„To, co on powiedział, to bzdury, biedaku” – stwierdza Temer po krytyce ze strony Luli
W wywiadzie dla gazety Glob– sprzeciwił się były prezydent Michel Temer, nazywając impeachment Dilmy Rousseff „zamachem stanu”. Temer uznał przemówienie Luli za „nonsensowne” i „powodujące podziały”, argumentując, że proces impeachmentu był zgodny z prawem i miał poparcie władzy ustawodawczej i sądowniczej.
– To, co powiedział, to nonsens, biedactwo. To niedobrze, mówiłem wczoraj, że nie chcę komentować, bo komentarz ten dzieli kraj. To przemówienie jest przemówieniem powodującym podziały. Było to dla niego niefortunne” – powiedział Temer w rozmowie z publikacją.
Kontrowersje rozpoczęły się po tym, jak Lula odwiedziła galerię zdjęć byłych prezydentów w Palácio do Planalto. Prezydent skrytykował wówczas brak informacji o mandatach poszczególnych osób i stwierdził, że impeachment Dilmy i późniejsza administracja Temera były wynikiem zamachu stanu.
„Chcę, aby opowiedziano historię: Dilma (Rousseff) została wybrana, została wybrana ponownie, następnie postawiono ją w stan oskarżenia, co było zamachem stanu, a następnie ta (wskazując na Michela Temera) nie została wybrana. Ten objął urząd w związku z impeachmentem Dilmy, ok? Potem ten (wskazując na Jaira Bolsonaro) został wybrany na skutek kłamstw. To się musi liczyć” – stwierdziła Lula.
Przeczytaj więcej:
Burmistrz São Paulo Ricardo Nunes (MDB) również wypowiedział się przeciwko wypowiedziom prezydenta. Nunes, będący częścią skrzydła MDB starającego się zdystansować od PT, bronił legalności impeachmentu i stwierdził, że „twierdzenie inaczej jest zamachem stanu”.
Kontynuacja po reklamie
„Obrona demokracji koniecznie wiąże się z szacunkiem dla instytucji, Kongresu Narodowego i Federalnego Sądu Najwyższego, które były odpowiedzialne za impeachment. Twierdzenie, że jest inaczej, to oszustwo.”

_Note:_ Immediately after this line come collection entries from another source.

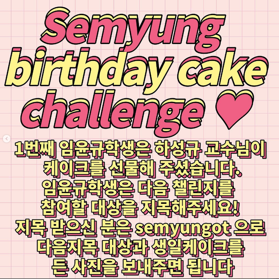 본문 시작 홈으로 커뮤니티 학과소개 진로 및 취업 학과과정 커뮤니티 SNS 홈페이지가이드 학과 소식 및 행사 학과공지 학과 소식 및 행사 대학생활 엿보기 어쩌다 출근 챌린지 학생회 동아리 통학버스 시간표 학과 소식 및 행사 페이스북 트위터 프린트 semyung happy birthday cake challenge!! 작업치료학과 2072 2022-05-24 생일 케익을 받은 사람이 다음번 생일자에게 케익을 선물( 조각케익, 초코파이도 너무 좋아요) 사진을 잘 보시면 challenge의 시그니쳐 포즈 비밀이 있습니다. 목록 이전스승의날 행사 다음 제 7회 늘픔 학술제 담당부서 : 작업치료학과 담당자 : - 연락처 : 043-649-1632 최종수정일 : 2024-10-26 만족도조사 만족도 조사 이 페이지에서 제공하는 정보에 대하여 만족하시나요? 매우만족 만족 보통 불만족 매우불만족
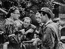 ![]() Warsaw Uprising: Jerzy Zarzycki "Pik" (on the left), correspondent of Referat Filmowy BiP KG AK, in a discussion with soldiers from the Starówka district | |
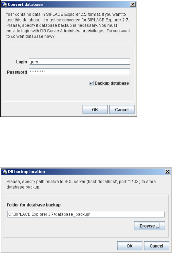 → Before performing the conversion, the system creates a backup file of the database. Specify
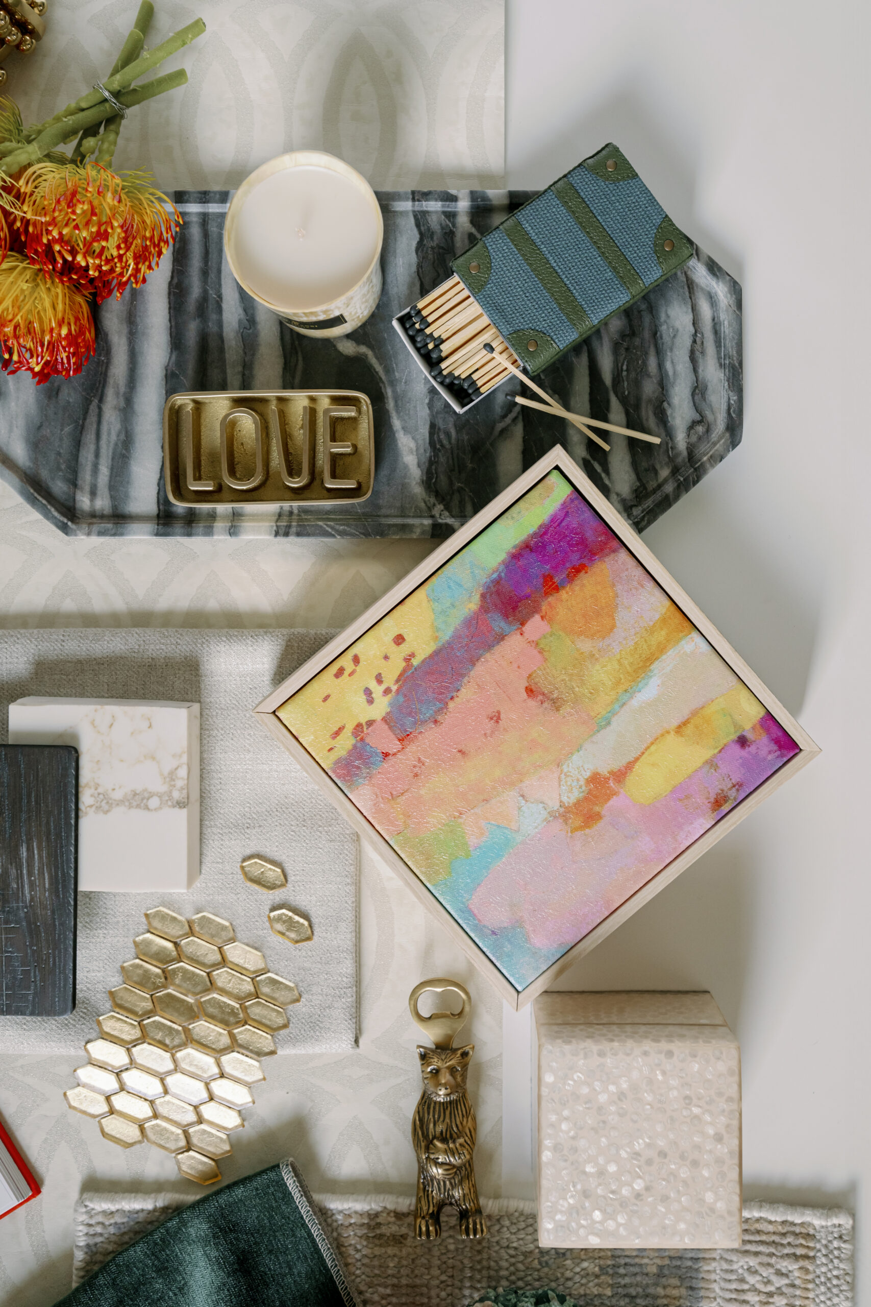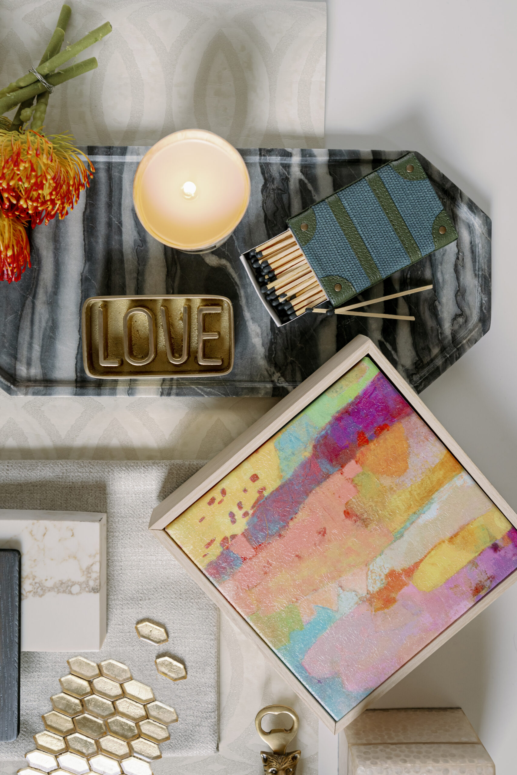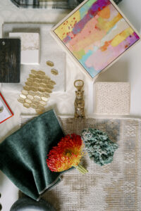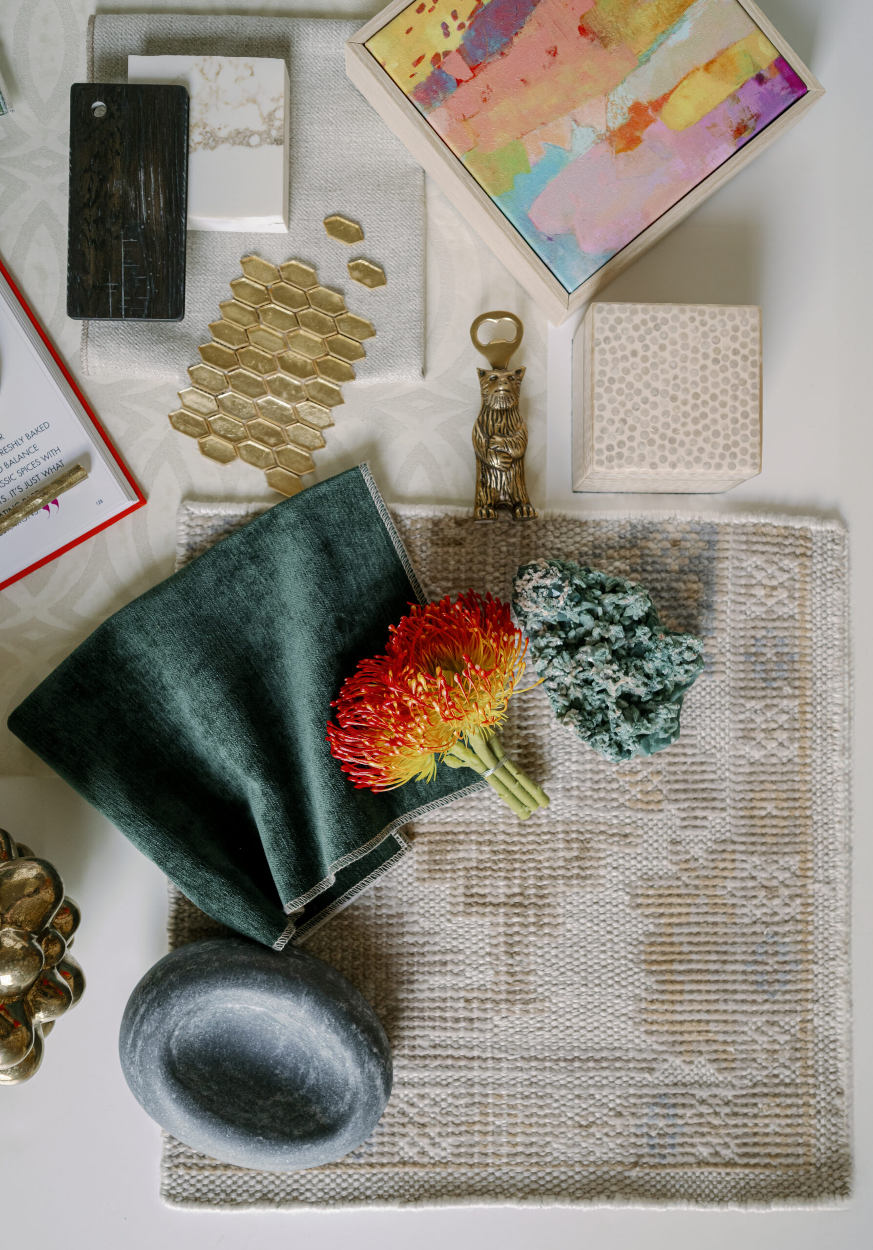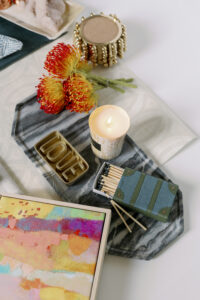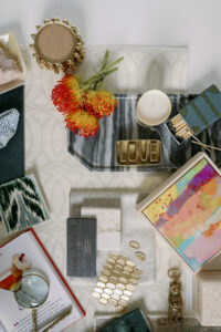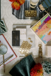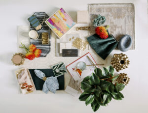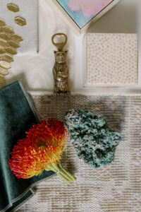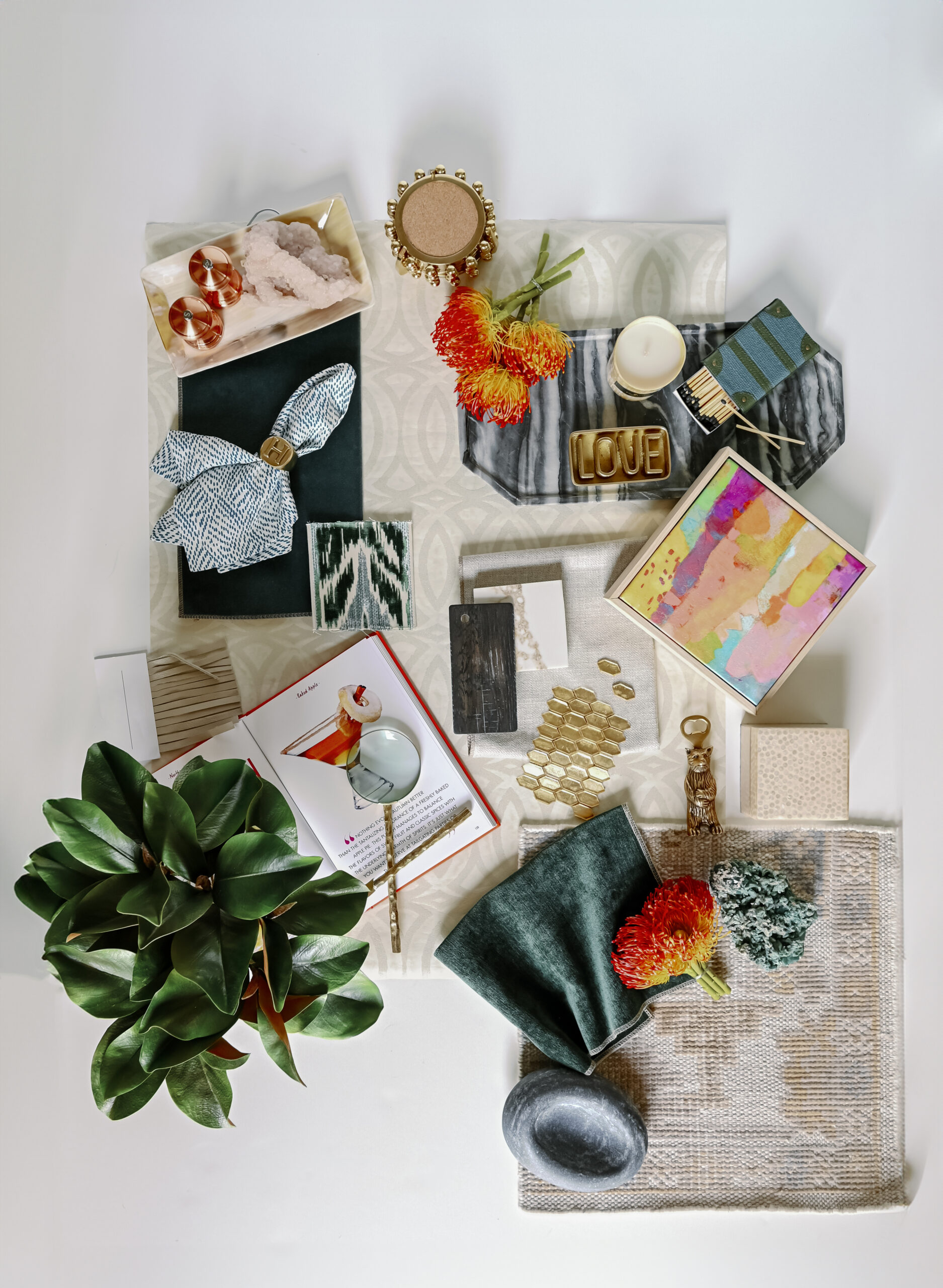 Katelynn Henry with Henry Home Interiors designed this seasonal Mood Board, drawing substantial inspiration from a client’s appreciation of the mountains and nature—with hints of glitz. The greens, golds and luxe neutral tones usher in fall vibes. Art Deco wallpaper, a smooth marble tray, golden tiles and a soft taupe leather fringe are complemented by emerald green fabrics and trim. Magnolia branches and Protea stems add natural textures, as do the shimmering agate crystals. Home decor items—such as the Thucassi Torsten natural horn candle, miniature painting (one of a series) and smooth stone dish—all come from Henry Home Interiors. Napkins, coasters and a “baked apple” cocktail recipe remind us that fall is near. Time to think about your own Thanksgiving table, perhaps? For decorating ideas, view Henry’s well-set Gatherings table HERE. The table setting was photographed in the aforementioned client’s dining room, bringing this nature-meets-glam Mood Board full circle.

Przemówienie Luli wywołało także niepokój wśród członków MDB popierających rząd. Partia kieruje trzema ministerstwami (Transportu, Planowania i Miast) i jest częścią sojuszniczej bazy w Kongresie. Mimo to stosunki Luli i Temera zawsze naznaczone były tarciami, a obecny prezydent podczas kampanii wyborczej w 2022 r. kilkakrotnie nazwał byłego prezydenta „zamachem stanu”.